Last updated on Jul 27, 2017

HIV Subtyping Program

The HIVDB subtyping program assigns a subtype to a submitted sequence based on its pol sequence. The assigned subtype can be either a pure subtype, an established circulating recombinant form (CRF), a unique recombinant form (URF), a non-group M HIV-1 sequence or an HIV-2 sequence.

Following alignment of a submitted sequence, the program creates a concatenated sequence comprising PR +/- RT +/- IN. This sequence is then compared to a set of subtype-specific reference sequences. This comparison generates a table of uncorrected distances between the submitted sequence and each of the reference sequences. This distance is determined after masking codons at which the submitted sequence contains an SDRM. Nucleotide ambiguities that partially match a reference sequence nucleotide are counted as complete matches.

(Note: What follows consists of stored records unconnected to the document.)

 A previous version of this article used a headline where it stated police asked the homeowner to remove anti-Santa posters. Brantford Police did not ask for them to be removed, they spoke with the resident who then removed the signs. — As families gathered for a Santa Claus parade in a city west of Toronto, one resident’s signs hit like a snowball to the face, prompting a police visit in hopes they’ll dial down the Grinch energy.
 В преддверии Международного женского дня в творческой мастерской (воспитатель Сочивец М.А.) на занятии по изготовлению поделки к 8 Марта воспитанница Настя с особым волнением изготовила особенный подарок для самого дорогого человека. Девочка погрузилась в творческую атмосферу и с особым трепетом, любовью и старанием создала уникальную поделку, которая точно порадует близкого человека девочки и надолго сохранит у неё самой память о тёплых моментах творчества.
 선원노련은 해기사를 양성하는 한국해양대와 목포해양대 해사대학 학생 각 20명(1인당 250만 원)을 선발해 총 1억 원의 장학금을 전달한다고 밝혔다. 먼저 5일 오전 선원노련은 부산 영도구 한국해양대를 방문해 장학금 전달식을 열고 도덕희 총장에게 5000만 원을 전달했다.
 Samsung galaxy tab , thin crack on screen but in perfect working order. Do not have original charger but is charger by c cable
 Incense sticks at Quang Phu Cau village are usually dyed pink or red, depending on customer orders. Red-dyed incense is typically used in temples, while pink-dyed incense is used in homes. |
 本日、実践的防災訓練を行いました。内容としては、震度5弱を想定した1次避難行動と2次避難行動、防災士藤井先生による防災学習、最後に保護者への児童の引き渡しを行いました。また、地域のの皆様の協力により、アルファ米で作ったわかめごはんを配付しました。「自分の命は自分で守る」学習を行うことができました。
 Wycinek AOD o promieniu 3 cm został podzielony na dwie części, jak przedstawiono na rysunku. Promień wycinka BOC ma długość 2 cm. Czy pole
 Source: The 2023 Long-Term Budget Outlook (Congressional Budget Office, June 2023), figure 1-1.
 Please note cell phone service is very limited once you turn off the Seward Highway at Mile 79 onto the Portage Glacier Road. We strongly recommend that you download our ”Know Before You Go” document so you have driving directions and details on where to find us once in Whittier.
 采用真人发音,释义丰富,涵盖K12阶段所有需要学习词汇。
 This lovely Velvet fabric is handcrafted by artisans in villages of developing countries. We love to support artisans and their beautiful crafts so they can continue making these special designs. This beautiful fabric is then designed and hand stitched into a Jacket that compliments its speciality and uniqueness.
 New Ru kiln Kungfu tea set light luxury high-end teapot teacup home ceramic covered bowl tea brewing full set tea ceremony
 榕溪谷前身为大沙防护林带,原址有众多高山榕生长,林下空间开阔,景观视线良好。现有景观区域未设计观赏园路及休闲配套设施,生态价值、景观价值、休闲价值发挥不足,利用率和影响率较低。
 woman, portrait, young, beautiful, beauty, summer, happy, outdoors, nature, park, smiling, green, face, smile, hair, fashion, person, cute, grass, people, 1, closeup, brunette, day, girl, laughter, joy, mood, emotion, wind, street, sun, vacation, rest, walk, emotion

The distances table is sorted in ascending order. The subtype of the submitted sequence is determined by examining the closest matching reference sequence and applying a set of rules that make use of known properties of the different subtypes and CRFs:

  1. If the distance to the closest matching reference sequence is greater than 11%, the subtype is reported as unknown.
  2. If the distance to the closest matching reference sequence is below the distance upper-limit for that subtype and the closest matching reference is a pure subtype, CRF01_AE, CRF02_AG, or other non-simple CRF (as defined in the subtype properties table), then this subtype is reported to the user.
  3. If the distance to the closest matching reference sequence is below the distance upper-limit for that subtype and the closest matching reference is a simple CRF, then the program determines whether the submitted sequence contains sufficient coverage on either side of the established breakpoint(s) for that CRF. If there is sufficient coverage, then the program reports this CRF. Otherwise, the program reports the parent subtype for the region covered by the submitted sequence.
  4. If the distance to the closest matching reference sequence is above the distance upper-limit for that subtype and the closest matching reference is a CRF01_AE, CRF02_AG, or a simple CRF, we examine the original table for the next-closest matching parent sequence. If the distance to the parent sequence is within 1% of the closest matching sequence, then the parent sequence is reported. If the distance to the parent sequence is more than 1% greater than the distance to the recombinant, then we consider the subtype to be a URF and each of the parents of the recombinant are reported separated by a plus sign. Subtype A is considered to be the parent of CRF01_AE and subtypes A and G are considered to be the parents of CRF02_AG.
  5. If the distance to the closest matching reference sequence is above the distance upper-limit for that subtype and the closest matching reference is a pure subtype, then this pure subtype is reported to the user with a warning indicating that further analysis using a more sophisticated subtyping program is indicated.